All this talk of high gas prices seems to be distracting Americans from what I consider a far more important transportation issue: jet packs.
According to the futuristic cartoons and television shows of my youth -- we're all supposed to have jet packs by now. But we don't. And that is deeply disappointing.
I'm from a generation that viewed "The Jetsons" and "The Six Million Dollar Man" as reasonable prognosticators of things to come. But instead of robot butlers and super-fast bionic legs, all we have is a loosely optimistic promise that our Buicks may one day run on algae. Bor-ing.
I place the blame for our jet pack deficiency squarely on the nation's current preoccupation with the cost of gasoline, which in some parts of the country is creeping close to $5 per gallon.

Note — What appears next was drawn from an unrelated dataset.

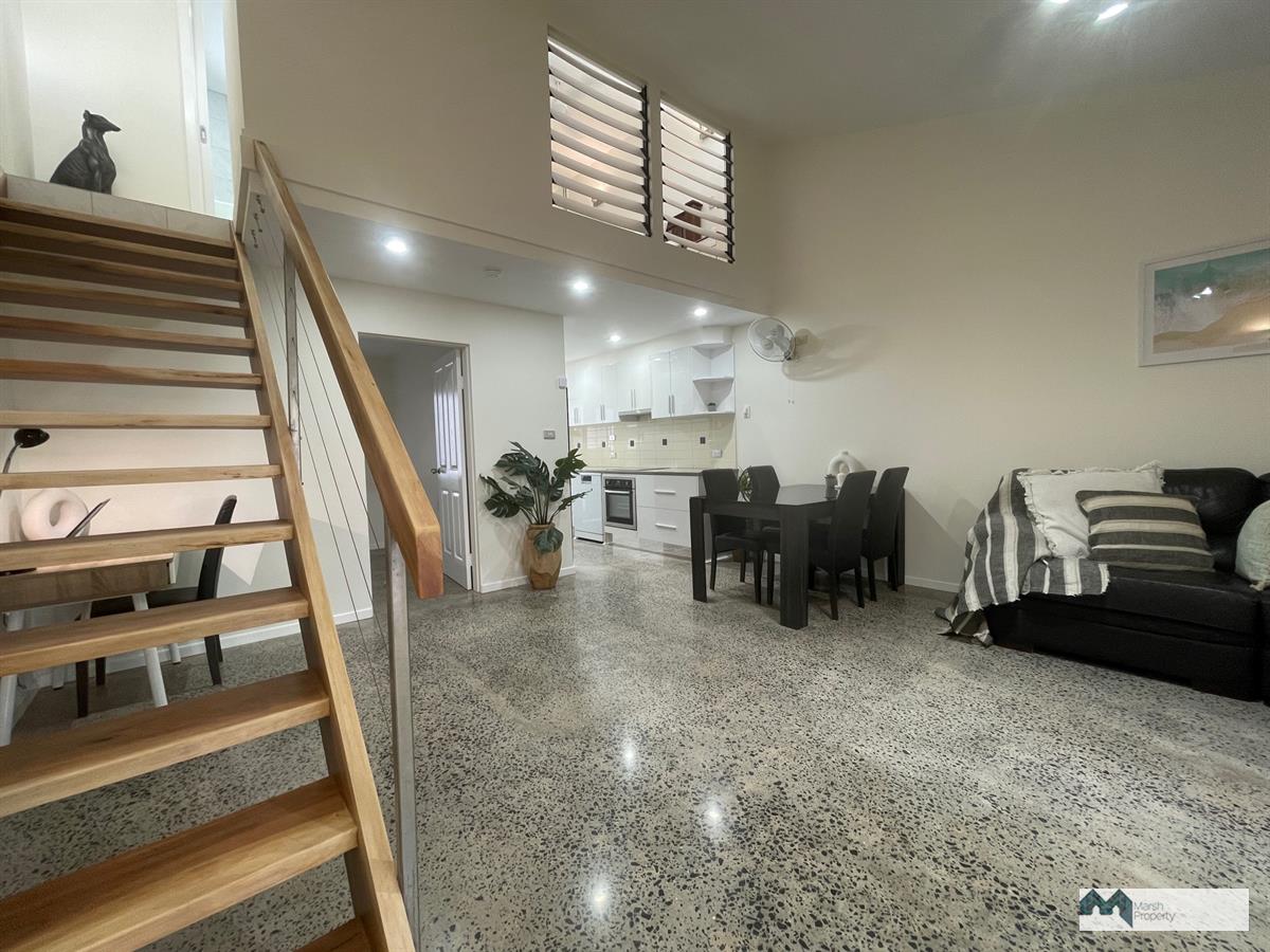 The timber stairs to the upstairs mezzanine level form a stunning central focus in the open plan living area. The master bedroom overlooks the downstairs lounge through cool white louvres which enhance the tropical ambience. A double shower complements the fully tiled bathroom upstairs and a new full laundry is incorporated into the carport.

To get us back on track and refocused on creating a way to fly from the backyard to work with rockets strapped to our backs, I offer this quick solution to our gas woes: We need to pretend we're not all that interested in gas. Maybe just for a week or two. Stop using the car for unnecessary things like a trip to your in-laws or your boss' barbecue. And start saying things like, "You guys remember when gas was popular? SO lame!" Send out tweets that say, "Love walking the kids to school!" or "Selling all my old gas cans because who needs those things?"
Pretty soon, the oil companies will fear that demand is plummeting. And if I learned anything from heavily investing in Beanie Babies back in the late '90s, when demand drops, so does the price.
As long as we all play it real cool, act like gas is passé, we'll be back to reasonable gas prices in no time. And then we can focus on jet packs. And our nation's dire need for inexpensive fuel to power them.